Дом Зиты – дом живых людей.
Индекс популярности: Хриза Рууд, доктор Хайдари, Ри Ги Чен, Гомер Хайдари, Ага Сафар, Лео Гланц, Сельма Цаун, С.Другаль, Ждан Хайдари, Она Мицкявичюте.
Зита радовалась: Хриза Рууд на первой ступени. Конечно, жаль, что Ждан только на девятом месте, но это работа либеров. Они сердятся на Ждана, он не хочет отдать им Мнемо и настаивает на дальнейших экспериментах. Но это ничего, Ждан умеет ждать. Вот еще странно: Ага Сафар в индексе популярности. Для этого оказалось достаточно исчезнуть из медицинского центра… Неужели он правда ушел к южным либерам, как о том говорят? Неужели он сумел освободиться от браслета?
Как странно…
Гумам считает: Мнемо – искусство. Гумам считает: жизнь у человека всего одна.
«Не столь уж свежая мысль, – усмехнулась Зита, – но Гумам может позволить себе и такое. Никому другому такой простой мысли он бы, наверное, не простил».
Зита не торопилась. Ее гости заняты, они интересны друг другу. Зита без всякого риска может подарить немножко времени зеркалу. Она хотела нравиться гостям, ведь это ее гости.
Месяц…
Уже месяц она живет в доме Ждана, но весь этот месяц – короткий миг. Зита ничего не успевает удержать в руках, все мгновенно уносится в прошлое. Она никогда такого не испытывала. Она счастлива.

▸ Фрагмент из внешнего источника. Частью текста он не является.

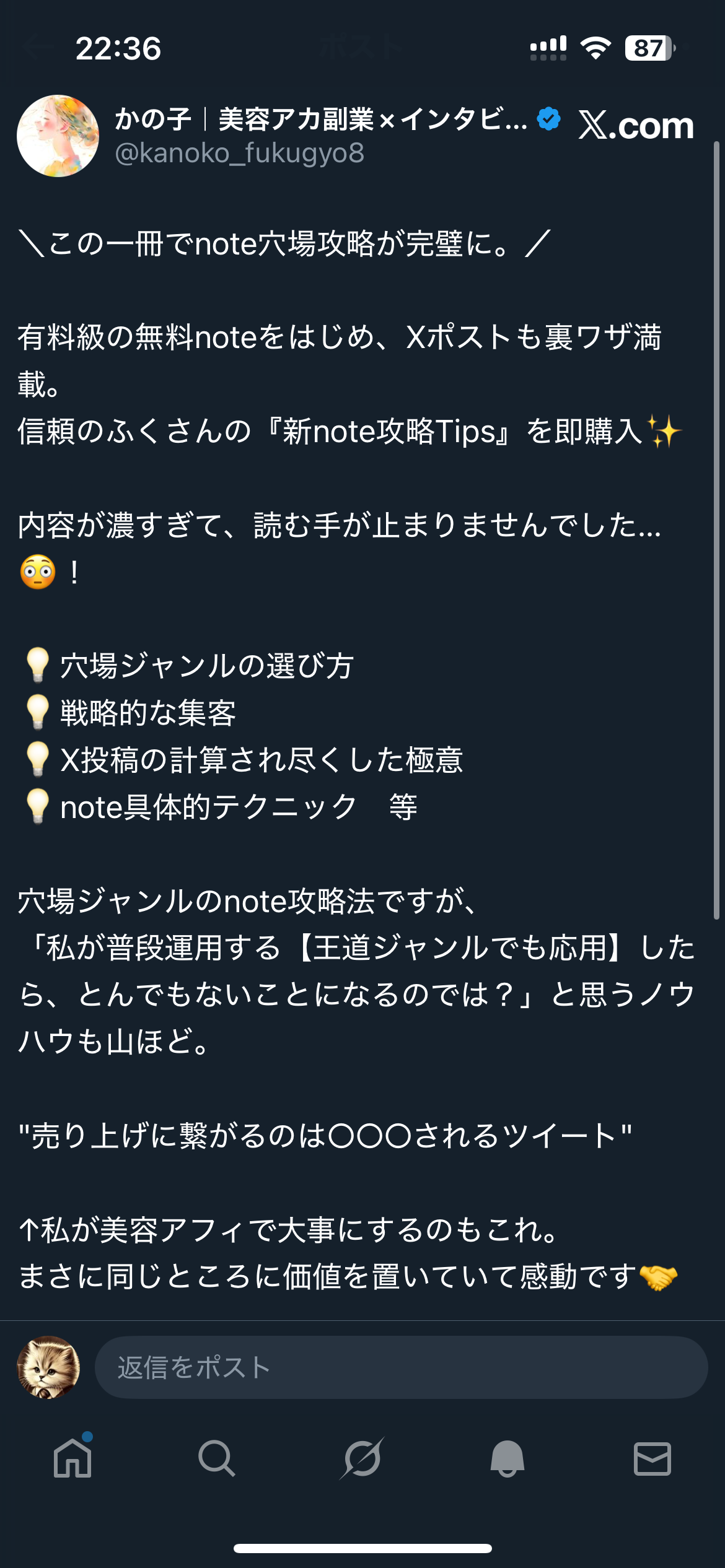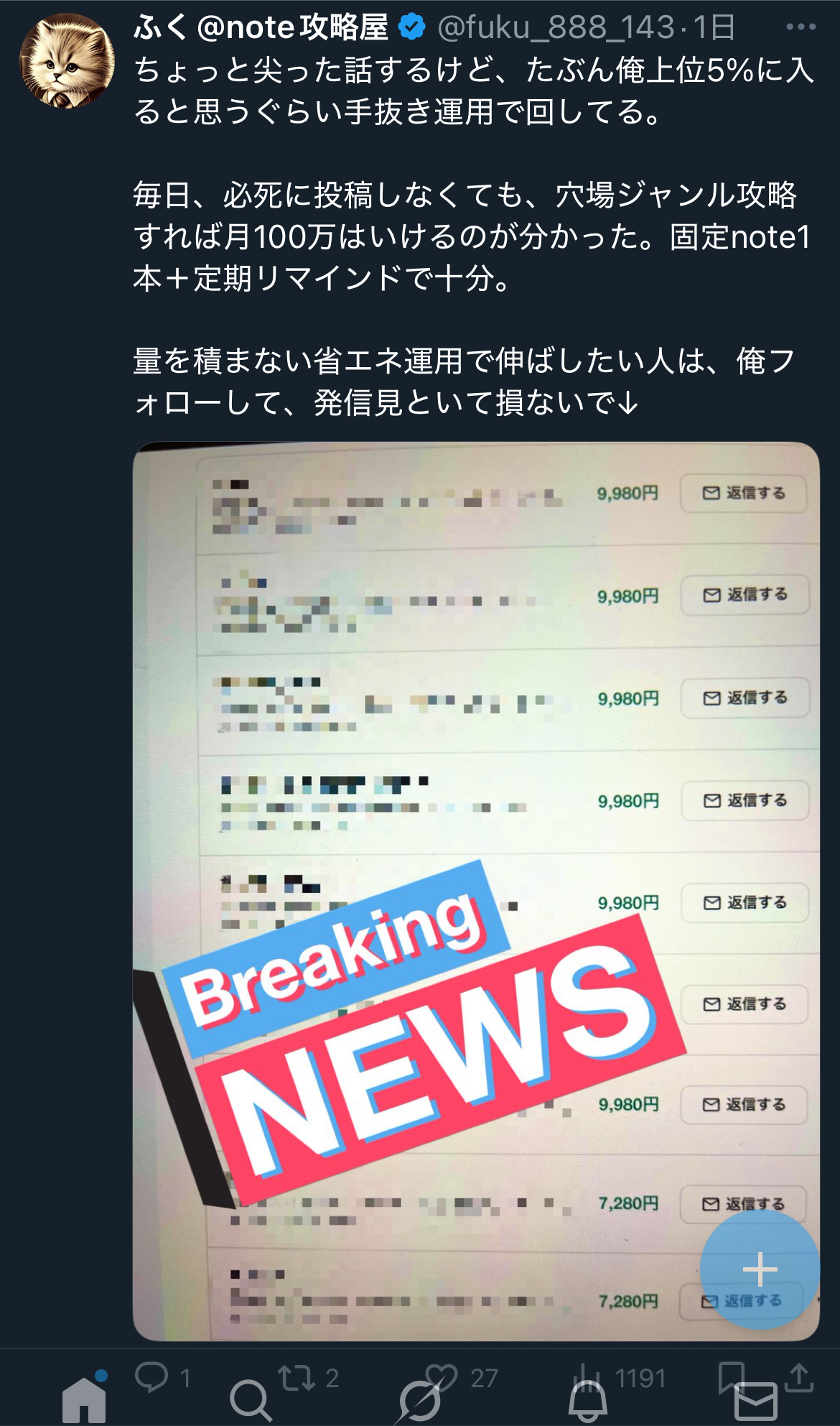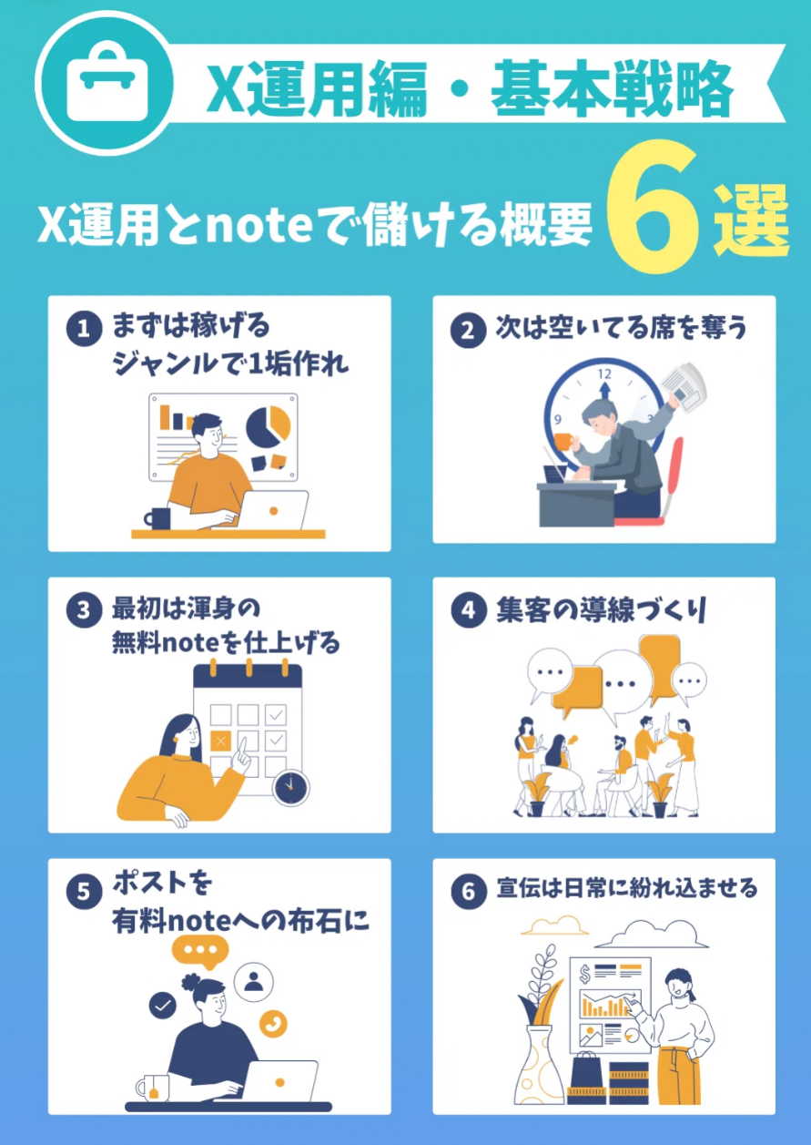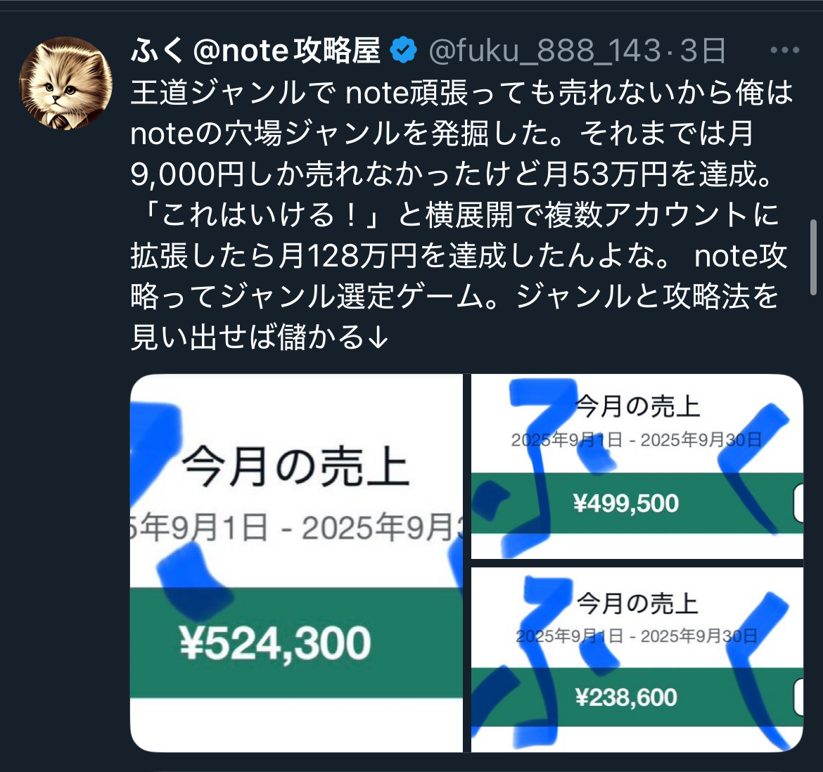 俺は“noteでどうやって稼ぐか”に特化して研究し、稼ぎやすい戦略や仕組みづくりをX(旧Twitter)で発信しています。
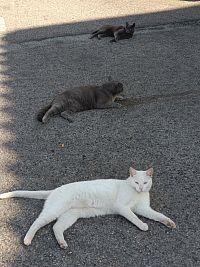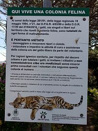 Jásala jsem nad starostlivým přístupem dobrovolníku k toulavým kočičkám. Možná je to velkým množstvím nachozených km cestou necestou, ale spíše je příčinou vzájemná přitažlivost mezi mnou a těmito svobodnýmá vtipnýma svéhlavičkama, že jsem tyto kočičí kolonie nacházela v každém navštíveném místě (v parku, pod hradem, u moře v Algheru...). Kočičky měly vždy trochu v ústraní připraveno spoustu pelíšků, misky s granulema a vodou. Jen krátce překládám ceduli, kterou jsem u jedné z kolonii vyfotila: Podle zákona...ze dne 18.května1994 ...jsou kočky, ať už jednotlivé volné nebo shromážděné v kočičích koloniích, chráněny před jakoukoli formou špatného zacházení....(více viz. foto)
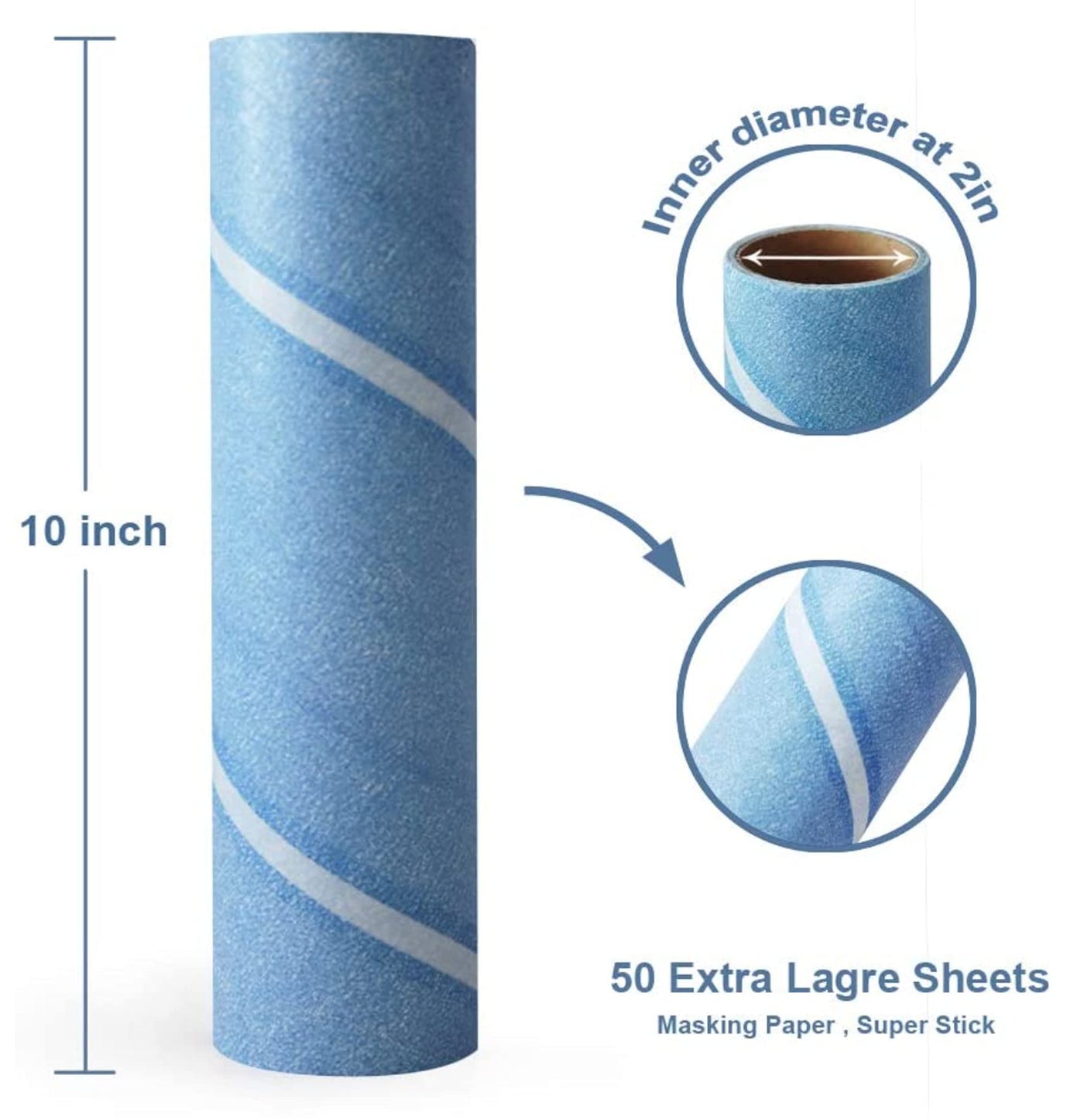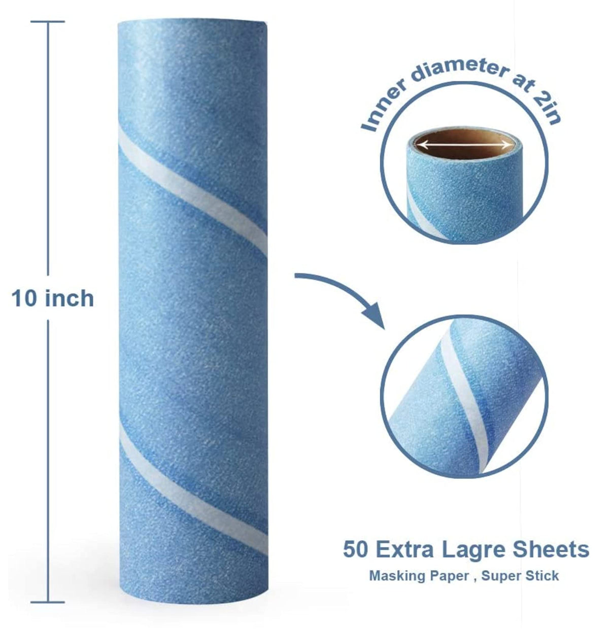 Q: What is the size of the lint sheets in this roller?A: Each refill pack contains 50 ultra-wide sheets measuring 10 inches in width, providing ample coverage for quick and efficient cleaning.

Сонд – это сон, точно рассчитанный. Сонд – это сила и свежесть. Вы можете спать пять часов, а можете пять минут, сонд возвращает бодрость.
Зита прекрасно обходится и без сонда.
Загадка планеты Наос. Подтвердится ли гипотеза Аррениуса-Бугрова?
Почему бы и нет?
Доктор Чеди: наше возможное будущее. Государство – семья или каждая семья – государство?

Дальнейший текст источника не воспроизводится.